The scatter plot is a relatively simple tool, but it’s also essential for doing data analysis and data science.

Having said that, if you want to do data science in Python, you really need to know how to create a scatter plot in matplotlib. You should know how to do this with your eyes closed.

This tutorial will show you how to make a matplotlib scatter plot, and it will show you how to modify your scatter plots too.

Overall, the tutorial is designed to be read top to bottom, particularly if you’re new to Python and want the details of how to make a scatter plot in Python. Ideally, it’s best if you read the whole tutorial.

Having said that, if you just need quick help with something, you can click on one of the following links. These links will bring you to the appropriate section in the tutorial.

Again though, if you’re a relative beginner and you have the time, I recommend that you read the full tutorial. Everything will make more sense that way.

Ok. Before I show you how to make a scatter plot with matplotlib, let me quickly explain what matplotlib is.

A quick introduction to matplotlib

Matplotlib is a data visualization module for the Python programming language. It provides Python users with a toolkit for creating data visualizations.

Some of those data visualizations can be extremely complex. You can use matplotlib to create complex visualizations, because the syntax is very detailed. This makes the syntax very adaptable for different visualization problems.

On the other hand, the complex syntax of matplotlib can make it more complicated to quickly create simple data visualizations.

This is where pyplot comes in.

What is pyplot

When you start working with matplotlib, you might read about pyplot.

What is pyplot?

To put it simply, pyplot is part of matplotlib. Pyplot is a sub-module of the larger matplotlib module.

Specifically, pyplot provides a set of functions for creating simple visualizations. For example, pyplot has simple functions for creating simple plots like histograms, bar charts, and scatter plots.

Ultimately, the tools from pyplot give you a simpler interface into matplotlib. It makes visualization easier for some relatively standard plot types.

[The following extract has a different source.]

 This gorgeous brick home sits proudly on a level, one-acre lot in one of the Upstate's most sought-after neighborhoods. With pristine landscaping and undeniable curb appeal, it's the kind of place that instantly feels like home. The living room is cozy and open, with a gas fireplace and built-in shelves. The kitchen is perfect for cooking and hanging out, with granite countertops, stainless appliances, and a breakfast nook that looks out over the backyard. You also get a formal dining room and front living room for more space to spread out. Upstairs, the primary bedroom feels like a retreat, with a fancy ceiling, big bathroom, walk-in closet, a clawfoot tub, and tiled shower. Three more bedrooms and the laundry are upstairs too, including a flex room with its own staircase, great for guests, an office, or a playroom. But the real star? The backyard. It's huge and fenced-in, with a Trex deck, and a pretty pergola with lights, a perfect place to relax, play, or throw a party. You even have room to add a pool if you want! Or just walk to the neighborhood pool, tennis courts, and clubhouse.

As I mentioned, one of those plots that you can create with pyplot is the scatter plot.

Let’s take a look at the syntax.

The syntax of the matplotlib scatter plot

Creating a scatter plot with matplotlib is relatively easy.

To do this, we’re going to use the pyplot function plt.scatter().

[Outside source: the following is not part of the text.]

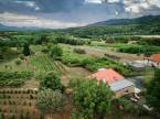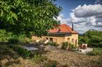 A kert minimális gondozást igényel, alacsony vízigényű növényekkel, öreg diófával.
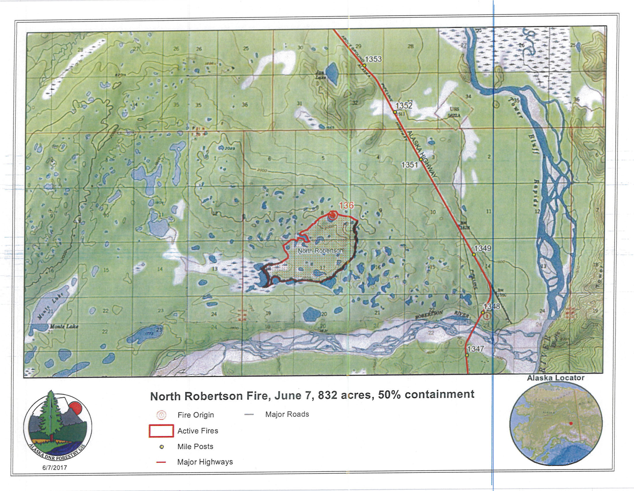 The perimeter map for the 832-acre North Robertson Fire burning 30 miles northwest of Tok. The black line represents containment line.

For the most part, the synax is relatively easy to understand. Let’s take a look.

A visual explanation of the parameters of plt.scatter.

First of all, notice the name of the function. Here, we’re calling the function as plt.scatter(). Keep in mind that we’re using the syntax plt to refer to pyplot. Essentially, this code assumes that you’ve imported pyplot with the code import matplotlib.pyplot as plt. For more information on that, see the examples below.

To create a scatter plot with matplotlib though, you obviously can’t just call the function. You need to use the parameters of the function to tell it exactly what to plot, and how to plot it.

With that in mind, let’s take a look at the parameters of the plt.scatter function.

The parameters of plt.scatter

Pyplot’s plt.scatter function has a variety of parameters that you can manipulate … nearly a dozen.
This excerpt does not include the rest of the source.